Guosen did not give the cause of Chen’s death, but only said in a brief statement to the Shenzhen Stock Exchange that the firm was operating as normal and had nothing further to disclose.
But news portal Tencent, citing unnamed sources within the company and a senior manager of a State-owned bank, said that Chen was found dangling from the balcony of his home.
Sohu, another news portal, citing an unnamed source, said Chen had previously attempted to leave China but was turned back because he had been put under “border control” — a standard measure imposed on Chinese citizens under investigation.
Chen joined Shenzhen-based Guosen Securities in June 2014 after he worked at the Shenzhen Stock Exchange for more than a decade. He held various positions at the Shenzhen exchange, including serving as a deputy general manager under Zhang Yujun, then the bourse’s head.
Chen and Zhang had “close relations” in Shenzhen, Tencent said, citing a securities firm executive in the city. Zhang was sacked as the assistant chairman of the China Securities Regulatory Commission (CSRC), the nation’s securities regulator, Xinhua reported Sept. 22, days after he was announced under investigation for suspected “serious violation of discipline.”

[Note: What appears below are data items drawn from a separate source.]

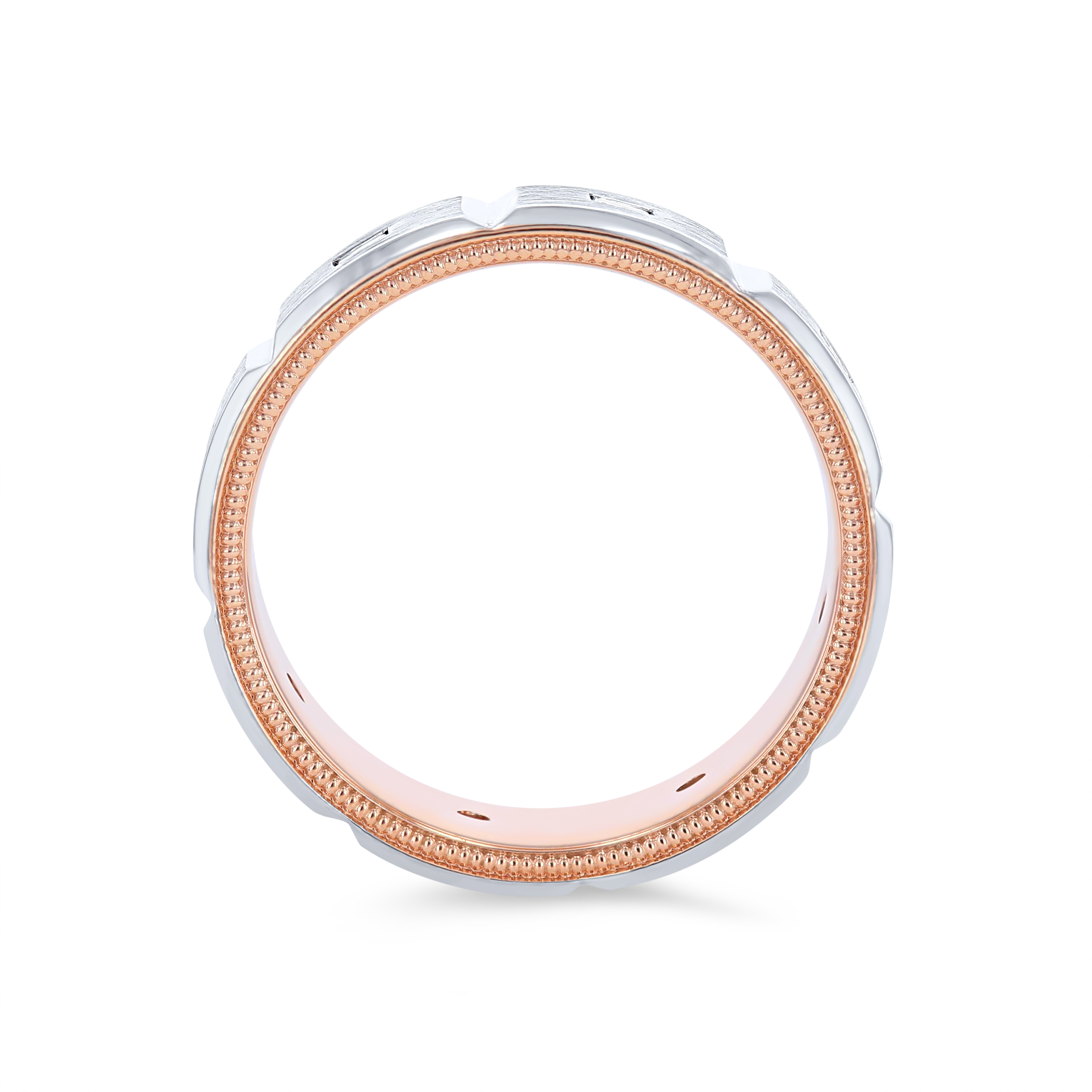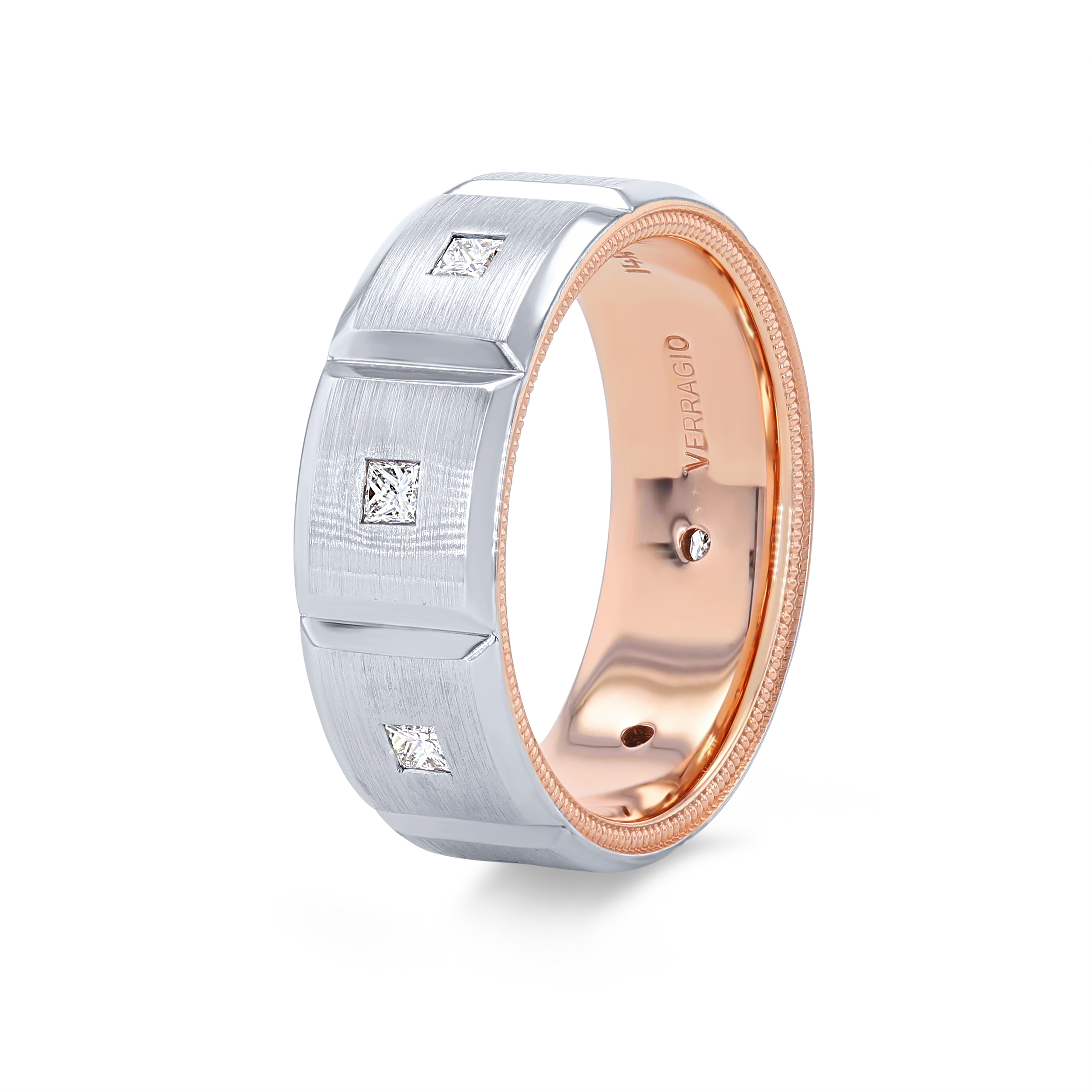 Product Description Striking and modern, this eight millimeter wedding band by Verragio features a two-tone inlay design, accented with 0.50 carats of princess cut diamonds. Other Details Total Setting Diamond Carat Weight: 0.5TW Metal Color: Two Tone Gents Wedding Band Style: Contemporary Metal Color: Yellow Gold Disable Reason: None Metal Color: White Gold Men Wedding Band Type: Matte Type: Gents Wedding Band Metal Color: Rose Gold Gemstone Type: Diamond Metal Color: Platinum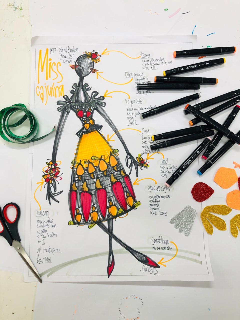 Com curadoria de Rita de Cássia e Rodrigo Cantarelli, os croquis exibidos na mostra foram publicados no Anuário do Carnaval Pernambucano, que compõe a coleção do Cehibra, e aludem a figuras da história e elementos da fauna e flora associados à indústria e agroindústria locais. “Os desenhos de Manoel foram confeccionados sob encomenda de malharias e fábricas da indústria têxtil. As senhoras da elite iam até essas lojas e escolhiam a fantasia a ser confeccionada. Com elas, fizeram parte até dos concursos de fantasias”, contextualiza Betty. Além dos painéis, com desenhos e textos curatoriais, o público poderá conferir partituras, como a do Hino do Vassourinhas.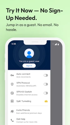 Connect instantly with one tap. No account, no email, no phone number. Perfect for users who want instant privacy without friction.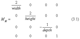 где width, height и depth это ширина, высота и глубина проективного объёма. В этом случае (ортографическое преобразование) не требуется гомогенизация.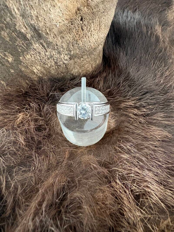 Zilveren ring met zirkonia 6mm band 4,5 mm maat 17 3/4 en maat 21 andere maten in overleg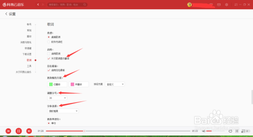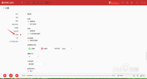 网易云音乐中歌词的颜色以及滚动都可以经由过程设置来完当作

China has taken unprecedented measures to stem a stock rout that has wiped almost US$4 trillion off the market’s value since mid-June. Among the steps was a suspension of certain trading accounts. In August, U.S.-based hedge fund Citadel LLC said one of its trading accounts managed by Guosen Futures Ltd., a unit of Guosen Securities, has been restricted by the CSRC.
Sources familiar with the matter said the CSRC was looking at Citadel’s role in causing market volatility, in particular the number of its canceled transactions.
But in a subsequent statement, Guosen Securities said it had offered trading and financing services to one of its client’s asset management plans. It said the client hadn’t engaged in so-called naked short-selling, a particular target of the regulators’ investigations.